La jeune femme dépose les sacs dans le chariot devant lequel le poney a opté pour une attitude passive. Elle se tourne de nouveau vers lui. L’air débonnaire qu’elle affichait alors qu’elle leur dispensait le cours agronomique fait place à l’expression d’une professionnelle.
« Bien ! Allons chercher votre monture, à présent ! »
Quelques minutes plus tard, la propriétaire des lieux apparait de nouveau, tenant par le licou un Mahô tête haute, l’allure noble malgré la pluie qui coule sur sa robe d’un noir profond. Sitôt qu’il voit son jeune ami, le Cerfe presse le pas, forçant la palefrenière à accélérer en même temps. Il vient se coller à son père adoptif, Vohl devant prêter une attention particulière aux bois volumineux pour ne pas être encorné.
« Elle a l’air de vous aimer beaucoup. Je ne peux que vous féliciter : on voit parfois ici des montures arriver dans un état… Les voir partir nous fait de la peine, tant elles vivent un calvaire auprès d’un maître peu attentionné. »
Le protecteur hoche la tête. Il est vrai que beaucoup ne considéraient leur monture guère mieux qu’un parasite, et c’est encore plus vrai dans le cercle de nobles qu’il fréquentait pendant son éducation.

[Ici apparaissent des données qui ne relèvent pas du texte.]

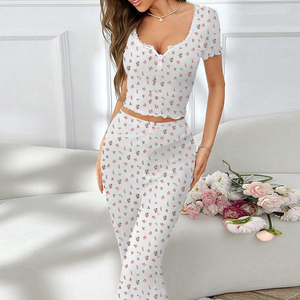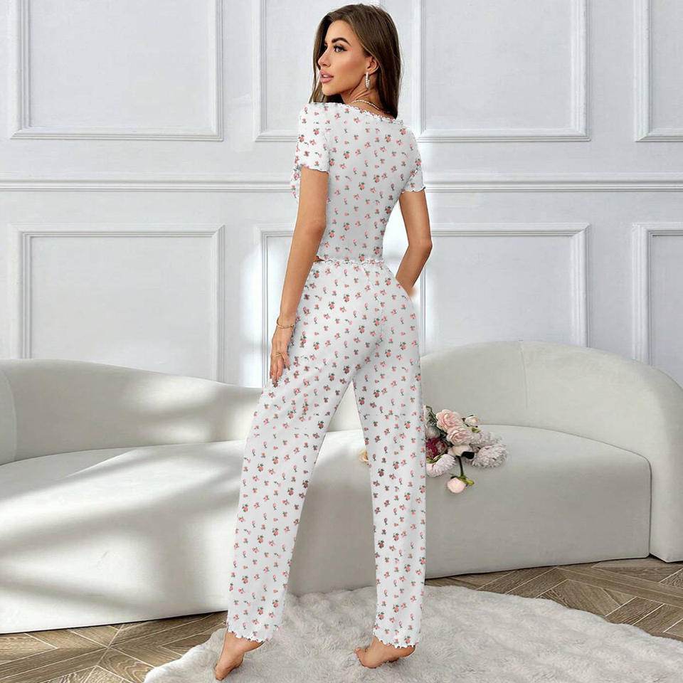 Set da Casa di Alta Qualità per Donna con Camicia da Notte a Maniche Corte Invernale e Pantaloni Lunghi con Orlo Arrotolato, Stampa Floreale Piccola e Motivo a Piselli, in Poliestere

« Nous nous comprenons bien, je pense. »
Une lueur d’approbation s’allume dans ses yeux. Elle se tourne ensuite vers Hïo, qui lui paie le dû pour les sacs de nourriture. Après leur avoir fait de menus rappels sur la façon de traiter une monture, elle leur souhaite un bon voyage. Les deux hommes repartent sous un soleil timide mais présent, en direction de la grande route vers le duché de Luminion. Vohl est parcouru de sentiments mitigés en repensant à l’aventure qu’il a mené la dernière fois qu’il a pris ce chemin : la fierté d’avoir préservé son honneur et celui des siens, la tristesse d’avoir perdu des amis. Il redresse les yeux, éloignant ce souvenir de son esprit. Il se concentre sur la tâche en cours. Personne en vue autour d’eux : ils pourront parler sans craindre d’être entendus par une personne cachée derrière un mur, à l’inverse de leur discussion devant les remparts oraniens. Et c’est tant mieux, car il tarde à Vohl de connaître leur itinéraire et les dangers qu’il devra anticiper.